SECRET Santa founder Campbell Malone this week revealed how returning to Troon for a sabbatical had helped him deal with the trauma of being caught up in the New Zealand massacre last year.

Teachers Campbell and wife Sandra were working in Lincoln School, Christchurch on March 15 when 51 people were killed and 49 injured just three miles away in mosques.

He said: “I cried a lot after it but can talk about it now. I love being with people. I was with 20 kids in lockdown for four hours when the shootings were happening.

“Our school was a mile and a half away from where the incidents were taking place.

Then when I went back on Monday the flag was put down at half mast and that meant someone else had died. I was crying.

“We went to get our papers on the Saturday morning and the guy in the corner shop wasn’t there.

We learned that he has been shot through the head which was really terrible.

“My woodworks and graphics class had to be barricaded into the classroom. We hid on the floor and the kids lay flat.

“I told them to get their iPads and phones out to contact their parents to check they were okay.

“The kids could see it happening from their phones.

“There was a helicopter above the classroom an the police were carrying guns and when we saw them we knew we would be okay.

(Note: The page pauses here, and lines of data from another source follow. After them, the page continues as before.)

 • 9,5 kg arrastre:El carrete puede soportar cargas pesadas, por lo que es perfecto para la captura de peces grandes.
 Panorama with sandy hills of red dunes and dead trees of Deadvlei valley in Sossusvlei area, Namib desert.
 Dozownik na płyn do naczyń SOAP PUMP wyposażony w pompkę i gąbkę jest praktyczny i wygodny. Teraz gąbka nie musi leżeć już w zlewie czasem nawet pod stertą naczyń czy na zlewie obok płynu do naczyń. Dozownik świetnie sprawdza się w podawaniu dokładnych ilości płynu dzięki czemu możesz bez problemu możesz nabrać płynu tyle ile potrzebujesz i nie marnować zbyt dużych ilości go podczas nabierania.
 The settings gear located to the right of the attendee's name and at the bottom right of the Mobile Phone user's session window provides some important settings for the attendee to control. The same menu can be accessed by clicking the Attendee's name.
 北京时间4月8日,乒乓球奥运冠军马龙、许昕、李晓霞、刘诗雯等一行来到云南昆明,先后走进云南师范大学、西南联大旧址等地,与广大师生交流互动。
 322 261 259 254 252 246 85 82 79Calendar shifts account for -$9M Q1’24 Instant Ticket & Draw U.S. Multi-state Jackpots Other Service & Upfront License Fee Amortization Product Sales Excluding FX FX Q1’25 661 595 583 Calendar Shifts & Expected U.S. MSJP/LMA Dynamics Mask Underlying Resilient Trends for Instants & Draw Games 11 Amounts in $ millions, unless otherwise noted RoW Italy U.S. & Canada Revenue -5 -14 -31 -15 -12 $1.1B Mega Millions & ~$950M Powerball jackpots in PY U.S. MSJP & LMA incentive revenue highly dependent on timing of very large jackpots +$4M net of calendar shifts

“But we couldn’t even go to the toilet and I had to bring a bucket into the classroom to be used.”

“The tragedy broke me and we booked an Air BnB two hours away on the night of the massacre and we walked and talked about everything. It was the most terrifying experience I have had in my life.”

However he has put the trauma of 10 months ago largely behind him.

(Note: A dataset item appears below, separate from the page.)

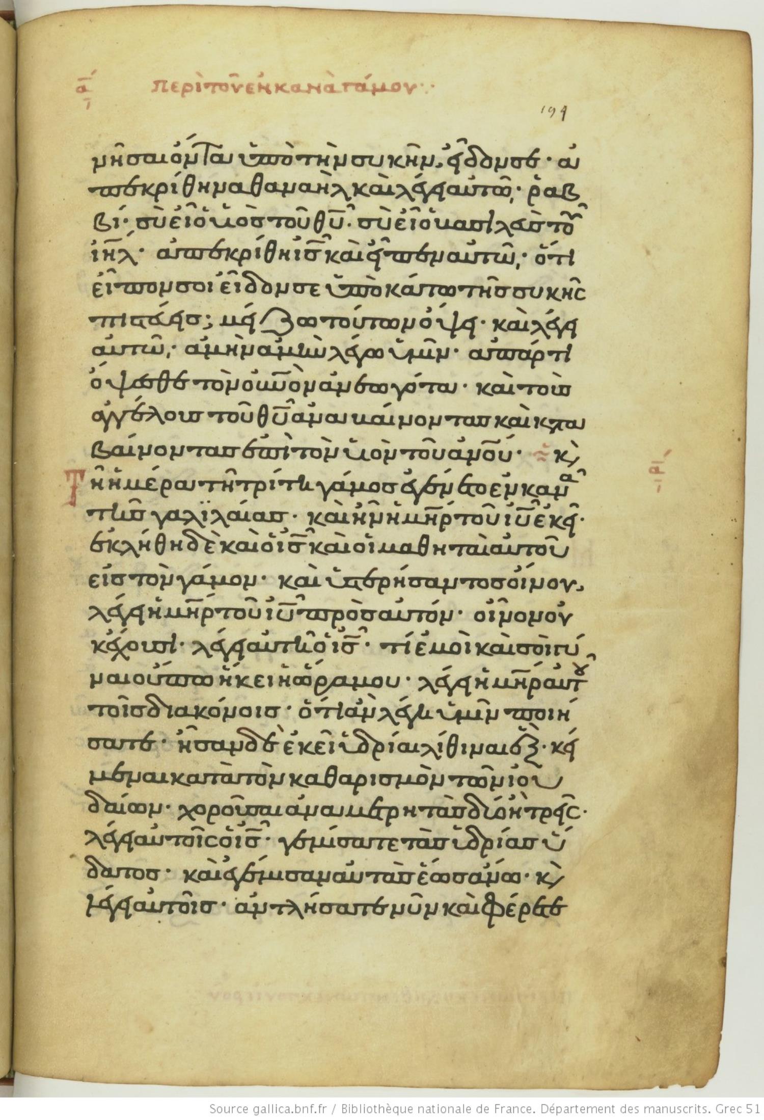 Thirteenth-century minuscule of the Gospels on parchment; 240 leaves; 1 column; 24 lines per column. The images are made available by the Bibliothèque Nationale. For recent digital images, visit BNF Gallica.
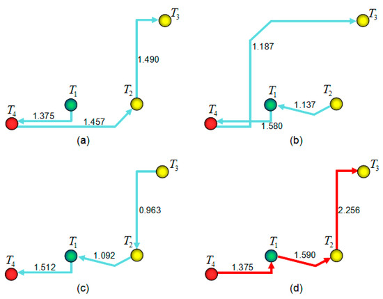 Within one day, tourists visit the selected tourist sights in a single-track and non-repetitive manner. From the initial tourist sight to the last one, any single tourist sight can only be visited once. As to the selected tourist sights, there will be kinds of tour routes for the selected tourist sights, but not all the routes are optimal. Each route has a different motive benefit value for tourists, which should be measured by a quantization method. For any one tour route, a tourist starts from the first tourist sight and travels through several city roads and road nodes and arrives at the next tourist sight. In this process, the ferry distance, road traffic conditions, the convenience of GIS services, tourists’ subjective perceptions, and so on will directly influence the motive benefit satisfaction of the tourist [53,54,55]. The motive benefit satisfaction in the previous tour interval will also influence the motive benefit satisfaction in the next tour interval. Thus, the motive iteration value of the previous tour interval is the initial value for calculating the motive iteration value of the next tour interval. Tourists travel from the first tourist sight to the last one, and in this process, the motive iteration value is monotonically increasing and thus the motive iteration function is a monotonically increasing function. For a particular tour route, each tourist sight is related to one motive iteration function value. For a different tour route, the same tourist sight may be related to different motive iteration function values as the iteration process contains different values. Thus, the ultimate output motive iteration values vary for each tour route. From the aspect of the tour route selection and motive iteration process, each tour route can form a single motive iteration decision tree. There should be a maximum value of the last tourist sight, whose decision tree and related tour route is optimal and yields the highest motive benefit value for the tourist.

“The tragedy really broke me and coming back to Troon has been really good for me.”

Meanwhile he looked back on what has been another successful Secret Santa campaign.

The former employee at Ailsa Shipyard in Troon has now been running the venture which sees Santa visiting children and adults across the area, delivering gifts to them, for five years.

He said: “I was on a sabbatical and wanted to do something for the town. Troon Round Table and Troon Rotary Club gave me £100 each and I put in £500.

“It was run in New Zealand for 1,000 kids and thought I should do it for my community.

“I funded it myself and when I got to December 12, I asked peopled if they could help and they got right behind it. That helped keep it going until Christmas Eve and that’s when it got going.

Every year since then I’ve had support and I get a lot out of giving and like to see families coming together.”